The zenith is an imaginary point directly "above" a particular location, on the imaginary celestial sphere. "Above" means in the vertical direction (plumb line) opposite to the gravity direction at that location (nadir). The zenith is the "highest" point on the celestial sphere.

Contents

Origin

The word "zenith" derives from an inaccurate reading of the Arabic expression سمت الرأس (samt al-ras), meaning "direction of the head" or "path above the head", by Medieval Latin scribes in the Middle Ages (during the 14th century), possibly through Old Spanish. [1] It was reduced to "samt" ("direction") and miswritten as "senit"/"cenit", the "m" being misread as "ni". Through the Old French "cenith", "zenith" first appeared in the 17th century. [2]

Relevance and use

Angles and planes of a celestial sphere Azimuth-Altitude schematic.svg
Angles and planes of a celestial sphere
The shadows of trees are the shortest on Earth when the Sun is directly overhead (at the zenith). This happens only at solar noon on certain days in the tropics, where the trees' latitude and the Sun's declination are equal. Tropical-area-mactan-philippines.jpg
The shadows of trees are the shortest on Earth when the Sun is directly overhead (at the zenith). This happens only at solar noon on certain days in the tropics, where the trees' latitude and the Sun's declination are equal.

The term zenith sometimes means the highest point, way, or level reached by a celestial body on its daily apparent path around a given point of observation. [3] This sense of the word is often used to describe the position of the Sun ("The sun reached its zenith..."), but to an astronomer, the Sun does not have its own zenith and is at the zenith only if it is directly overhead.
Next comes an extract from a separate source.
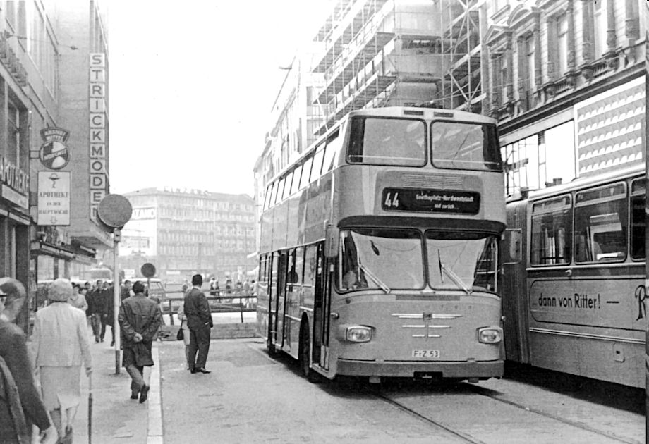 Wagen 245, ein erst kurz zuvor gelieferter Büssing Senator 12R U7 erreichte am 15. Januar 1962 über die  Adolf-Haeuser- Straße den Bahnhof Höchst.

In a scientific context, the zenith is the direction of reference for measuring the zenith angle (or zenith angular distance), the angle between a direction of interest (e.g. a star) and the local zenith - that is, the complement of the altitude angle.
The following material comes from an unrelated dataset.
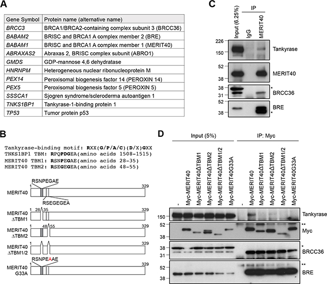 To identify novel tankyrase-binding proteins, we immunoprecipitated transiently expressed FLAG-tagged tankyrase in HEK293T cells and performed LC-MS analysis of the immunocomplexes. The results identified 11 tankyrase-interacting proteins, including TNKS1BP1, a well-established tankyrase-binding protein (Figure 1A) [27]. The potential 11 tankyrase-binding partners included BRCC3/BRCC36, BRE/BABAM2 and MERIT40/BABAM1, which are components of the BRCA1-A complex. Furthermore, ABRO1/ABRAXAS2, which forms another complex with BRCC36-BRE-MERIT40 in the cytoplasm called the BRISC1 complex [28–30], was also in the identified protein list. MERIT40 is a 329 amino acid protein that possesses two tankyrase-binding motifs (TBM): RSNPEGAE at amino acids 28–35 (TBM1) and RSEGEGEA at amino acids 48–55 (TBM2) (Figure 1B) [31, 32]. We examined the interaction between MERIT40 and tankyrase in A549 cells and confirmed that endogenous tankyrase was co-immunoprecipitated with MERIT40 (Figure 1C). BRCC36 and BRE were also detected by the immunoprecipitation with anti-MERIT40 antibody (Figure 1C), suggesting that tankyrase was another member of the BRE-BRCC36-MERIT40 complex.

The Sun reaches the observer's zenith when it is 90° above the horizon, and this only happens between the Tropic of Cancer and the Tropic of Capricorn. In Islamic astronomy, the passing of the Sun over the zenith of Mecca becomes the basis of the qibla observation by shadows twice a year on 27/28 May and 15/16 July. [4] [5]

At a given location during the course of a day, the Sun reaches not only its zenith but also its nadir, at the antipode of that location 12 hours from solar noon.

In astronomy, the altitude in the horizontal coordinate system and the zenith angle are complementary angles, with the horizon perpendicular to the zenith. The astronomical meridian is also determined by the zenith, and is defined as a circle on the celestial sphere that passes through the zenith, nadir, and the celestial poles.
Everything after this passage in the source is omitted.